● **SUPPLIED DATA**:
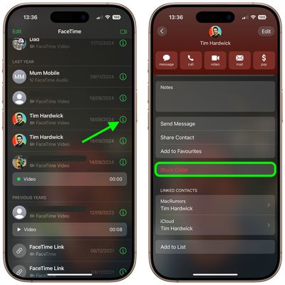 如果您收到來自您想要阻止的號碼的 FaceTime 通話,請按照以下步驟操作。
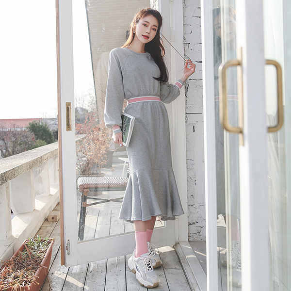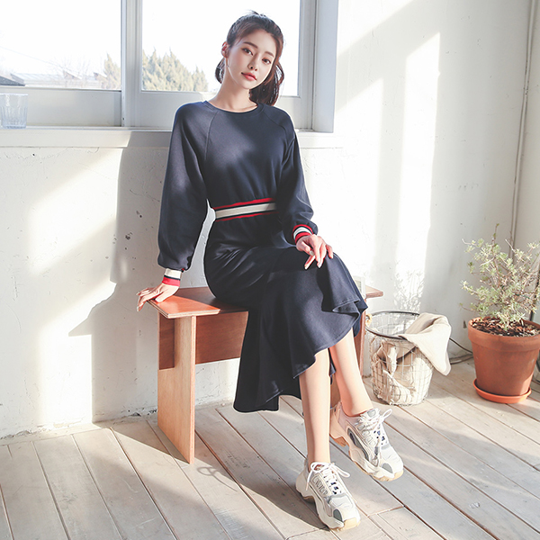 コットン 配色 シボリ バンディング ロング ワンピース
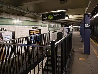 The platforms each have one same-level fare control area at their north ends.[5] The one on the Church Avenue-bound side has a bank of three turnstiles, token booth, and staircase going up to the northwest corner of Marcy and Myrtle Avenues. The one on the Queens-bound side is unstaffed, containing two High Entry/Exit turnstiles, one exit-only turnstile, and a short double-wide staircase that goes up to a short landing before a standard perpendicular staircase goes up to the northeast corner of Myrtle and Marcy Avenues.[5][6] Two staircases on both platforms adjacent to fare control go down to a crossunder to allow a free transfer between directions.
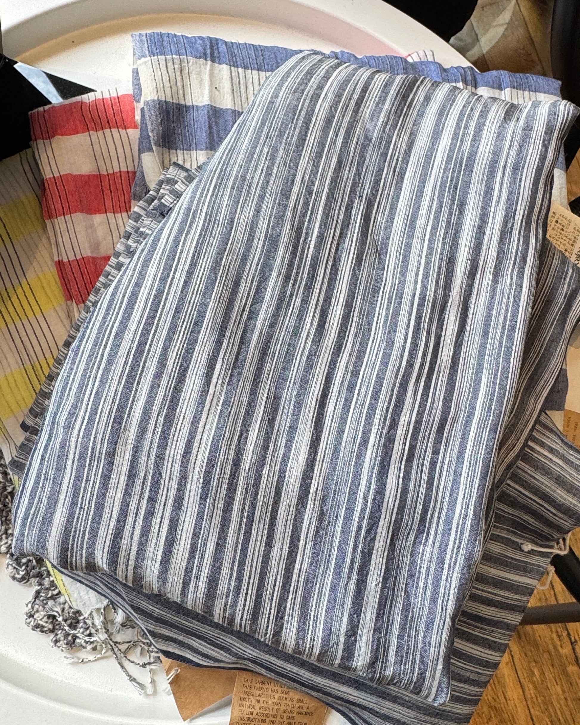 Écharpe coton & soie La Maison de Soil rayures bleues blanches
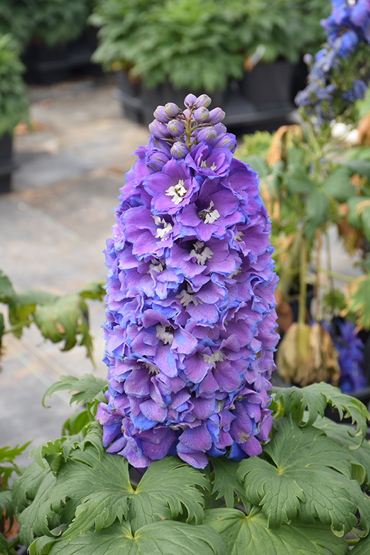 Guardian Blue Larkspur will grow to be about 24 inches tall at maturity extending to 4 feet tall with the flowers, with a spread of 18 inches. When grown in masses or used as a bedding plant, individual plants should be spaced approximately 12 inches apart. It tends to be leggy, with a typical clearance of 1 foot from the ground, and should be underplanted with lower-growing perennials. The flower stalks can be weak and so it may require staking in exposed sites or excessively rich soils. It grows at a medium rate, and under ideal conditions can be expected to live for approximately 10 years. As an herbaceous perennial, this plant will usually die back to the crown each winter, and will regrow from the base each spring. Be careful not to disturb the crown in late winter when it may not be readily seen!
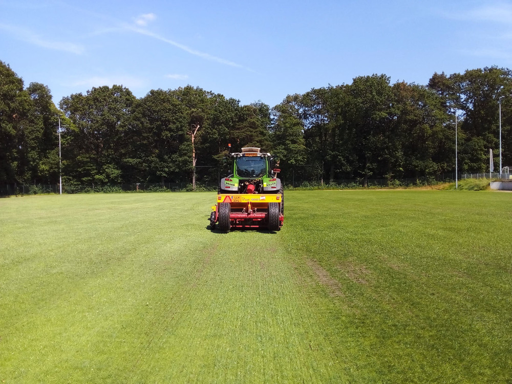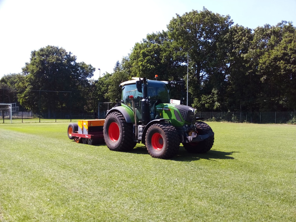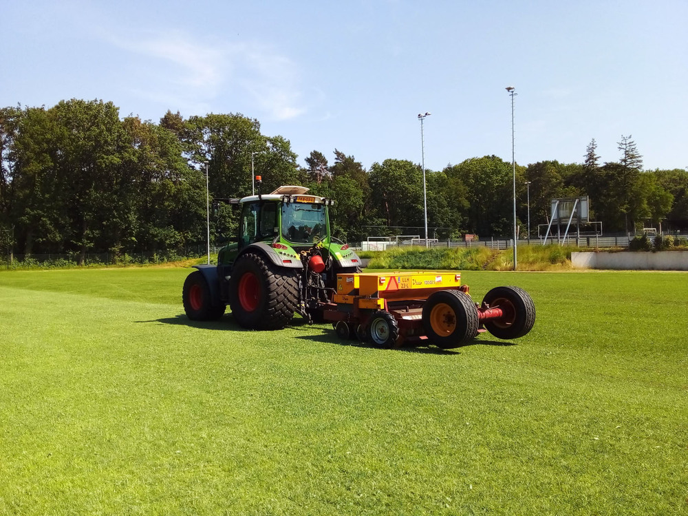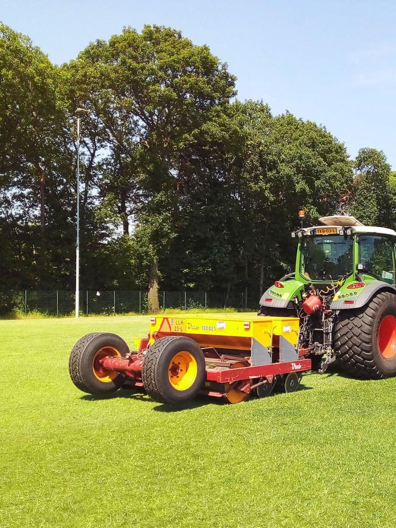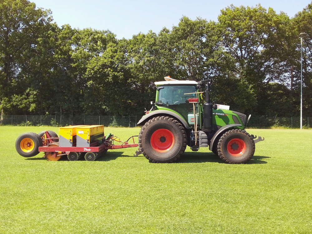 Trekker met dubbele Vredo-doorzaaimachine voor sportvelden.

● **PROBLEM DESCRIPTION**:
Take the line containing "Écharpe coton &" as the first line and the last line of the data above as the final one, and output exactly the lines between them, inclusive, with no pictures.

● **THE ANSWER**:
 Écharpe coton & soie La Maison de Soil rayures bleues blanches
 Guardian Blue Larkspur will grow to be about 24 inches tall at maturity extending to 4 feet tall with the flowers, with a spread of 18 inches. When grown in masses or used as a bedding plant, individual plants should be spaced approximately 12 inches apart. It tends to be leggy, with a typical clearance of 1 foot from the ground, and should be underplanted with lower-growing perennials. The flower stalks can be weak and so it may require staking in exposed sites or excessively rich soils. It grows at a medium rate, and under ideal conditions can be expected to live for approximately 10 years. As an herbaceous perennial, this plant will usually die back to the crown each winter, and will regrow from the base each spring. Be careful not to disturb the crown in late winter when it may not be readily seen!
 Trekker met dubbele Vredo-doorzaaimachine voor sportvelden.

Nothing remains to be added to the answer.